Gli esseri umani vivendo rappresentano la propria vita, quindi provano a identificarsi individualmente, relazionalmente, collettivamente. Le rappresentazioni identitarie si intrecciano tra loro, perciò non avvengono mai in condizioni mentalmente libere. Ci influenziamo a vicenda mentre le ideologie dominanti esercitano il loro potere sempre negativo, spesso devastante. La libertà di identificarci non è mai solo personale ed è necessariamente complessa come la nostra esistenza perché riguarda i vari aspetti delle soggettività. Così succede che in diverse epoche oppressive la questione del “chi siamo?” viene posta concentrandosi su un aspetto trascurando o sottovalutando gli altri.
Alla fine dello scorso millennio per chi anelava alla liberazione l’identità sociale aveva un ruolo preponderante. L’anelito collettivo era schiacciante mettendo in secondo piano l’identità personale, la cui esigenza non per questo spariva. Tant’è che per reazione negli ultimi vent’anni è venuta crescendo in modo unilaterale la ricerca spasmodica e irrazionale dell’identità individuale dando per scontata la questione di chi siamo assieme. Però in sottofondo quest’ultima continua a urgere e ad esercitare un peso fondamentale. I rapporti più svariati così come le collettività macroscopiche o ristrette di diverso tipo, da quelle etniche a quelle religiose, dalle comunità di luogo a quelle familiari continuano a caratterizzarci, lo si voglia o no.

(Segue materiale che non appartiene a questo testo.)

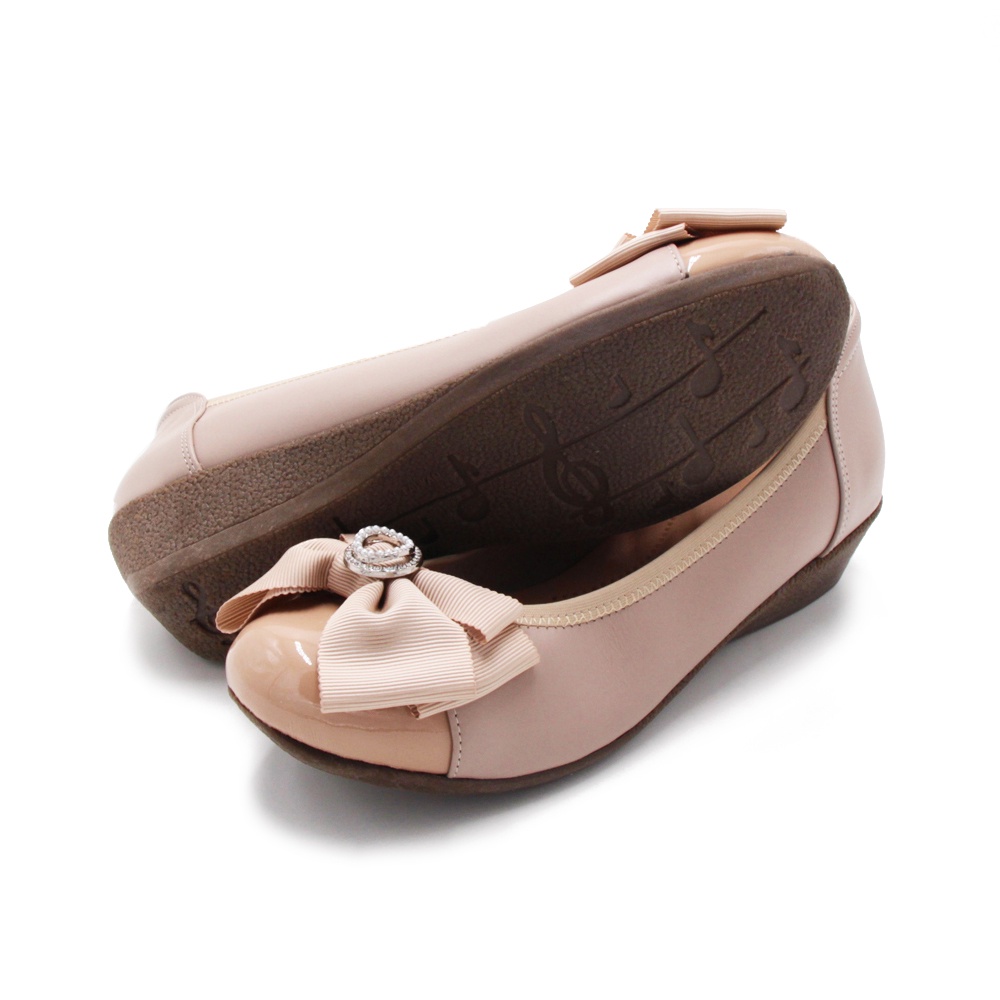 W&M (女)氣質閃鑽雙圈蝴蝶結護踝真皮娃娃鞋-杏(另有黑)

Allora è necessario cercare di capire che la ricerca delle identità ha inevitabilmente diverse voci che ci riguardano tutte/i e ciascuna/o. Di più è opportuno provare ad organizzare il nostro pensiero identitario secondo un ordine credibile ed utile a vivere meglio. Per concepirlo possiamo fare appello al nesso inseparabile tra il nostro corpo e la nostra mente, imparando a pensare la nostra fisicità e a incarnare il nostro pensiero. Scopriremo così la nostra naturalità inscindibile dalla nostra coscienza, la materia viva di cui siamo fatti che ci permette di rappresentare il mondo, gli altri, noi stessi. In questo fecondo esercizio autobiografico si intravede il carattere naturalmente culturale degli esseri umani.
Attualmente il riconoscimento della natura umana viene spesso negato da spropositi culturalisti, frutto di errori, di malafede o di semplice ignoranza, generando terribili contraddizioni. Infatti: se non si riconosce la natura umana, come è possibile riconoscere e rispettare la natura tutta che viene prima di noi e va oltre noi? Oppure la si considera ma si colloca l’umanità fuori di essa in una sfera inqualificabile, arbitraria, assurda? Viceversa: considerare parte della natura in generale la nostra natura, unica come quella di tutte le altre specie viventi, ci permette di partire col piede giusto nell’identificarci.
Ci riconosciamo come una specie unitaria, in cui siamo tutti parenti e tutti differenti, naturalmente costituita dal genere femminile, primo per caratteri biologici non unicamente sessuali, e dal genere maschile. Su queste basi originarie, naturali e incancellabili – che rappresentiamo e interpretiamo culturalmente – si può operare la propria fondamentale scelta individuale e di conseguenza orientare liberamente le proprie scelte relazionali e comuni, di cui siamo protagoniste/i e a cui dobbiamo corrispondere nel rispetto delle altrui scelte.
Insomma quello identitario è un intreccio costante inevitabile che può diventare un imbroglio o, anche peggio, un inganno che ci ingabbia in schemi precostituiti dannosi e che ci illude di poter essere di volta in volta chi ci immaginiamo di essere, prescindendo dalle altre e dagli altri. In alternativa, invece, l’intreccio può essere una meravigliosa opportunità di scelta del bene possibile basata su una ricerca costante e coerente compiuta in prima persona singolare e plurale, dove il nostro io si forma come protagonista relazionale e collettivo. Una scelta libera sapendo che nessuno può essere veramente libera/o da solo.